Google cloud platform GCP Dataproc-配置纱线展计划程序

Google cloud platform GCP Dataproc-配置纱线展计划程序,google-cloud-platform,yarn,google-cloud-dataproc,Google Cloud Platform,Yarn,Google Cloud Dataproc,我试图建立一个dataproc集群,该集群一次只计算一个作业(或指定的最大作业),其余的将在队列中 我已经找到了这个解决方案,但由于我一直在创建一个新集群,所以我需要将其自动化。我已将此添加到群集创建中: "softwareConfig": { "properties": { "yarn:yarn.resourcemanager.scheduler.class":"org.apache.hadoop.yarn.server.resourcemanager.schedule

我试图建立一个dataproc集群,该集群一次只计算一个作业(或指定的最大作业),其余的将在队列中

我已经找到了这个解决方案,但由于我一直在创建一个新集群,所以我需要将其自动化。
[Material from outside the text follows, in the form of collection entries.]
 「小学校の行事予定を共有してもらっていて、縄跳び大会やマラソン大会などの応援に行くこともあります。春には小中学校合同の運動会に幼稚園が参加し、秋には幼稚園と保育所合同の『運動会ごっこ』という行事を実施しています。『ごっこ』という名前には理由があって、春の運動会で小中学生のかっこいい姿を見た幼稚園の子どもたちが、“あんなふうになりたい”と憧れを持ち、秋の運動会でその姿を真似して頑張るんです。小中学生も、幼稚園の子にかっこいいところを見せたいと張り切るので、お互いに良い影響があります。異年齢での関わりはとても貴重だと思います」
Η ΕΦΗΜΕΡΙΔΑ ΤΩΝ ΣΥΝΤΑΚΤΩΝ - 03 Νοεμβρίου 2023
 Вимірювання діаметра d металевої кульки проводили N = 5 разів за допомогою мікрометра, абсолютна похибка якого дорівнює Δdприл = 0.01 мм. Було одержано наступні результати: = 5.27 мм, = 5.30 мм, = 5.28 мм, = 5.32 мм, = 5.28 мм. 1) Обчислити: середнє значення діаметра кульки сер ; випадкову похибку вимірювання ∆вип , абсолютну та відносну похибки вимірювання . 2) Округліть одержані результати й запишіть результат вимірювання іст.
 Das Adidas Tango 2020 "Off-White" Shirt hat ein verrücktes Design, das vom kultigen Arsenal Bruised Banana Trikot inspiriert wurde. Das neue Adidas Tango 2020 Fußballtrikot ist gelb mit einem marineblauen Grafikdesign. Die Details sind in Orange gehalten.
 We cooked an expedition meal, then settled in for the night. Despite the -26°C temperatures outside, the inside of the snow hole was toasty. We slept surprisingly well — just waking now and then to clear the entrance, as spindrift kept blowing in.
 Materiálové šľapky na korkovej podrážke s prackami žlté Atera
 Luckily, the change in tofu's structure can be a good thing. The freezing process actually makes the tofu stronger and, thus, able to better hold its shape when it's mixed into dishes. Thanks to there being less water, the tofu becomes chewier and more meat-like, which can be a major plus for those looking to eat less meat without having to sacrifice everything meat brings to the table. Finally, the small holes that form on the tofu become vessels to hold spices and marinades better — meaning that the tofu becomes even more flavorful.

我已将此添加到群集创建中:

"softwareConfig": {
    "properties": {
        "yarn:yarn.resourcemanager.scheduler.class":"org.apache.hadoop.yarn.server.resourcemanager.scheduler.fair.FairScheduler",
        "yarn:yarn.scheduler.fair.user-as-default-queue":"false",
        "yarn:yarn.scheduler.fair.allocation.file":"$HADOOP_CONF_DIR/fair-scheduler.xml",
     }
}
使用init操作脚本中的另一行:

sudo echo "<allocations><queueMaxAppsDefault>1</queueMaxAppsDefault></allocations>" > /etc/hadoop/conf/fair-scheduler.xml
文件fair-scheduler.xml还包含指定的代码(所有内容都在一行中,但我认为这可能不是问题所在)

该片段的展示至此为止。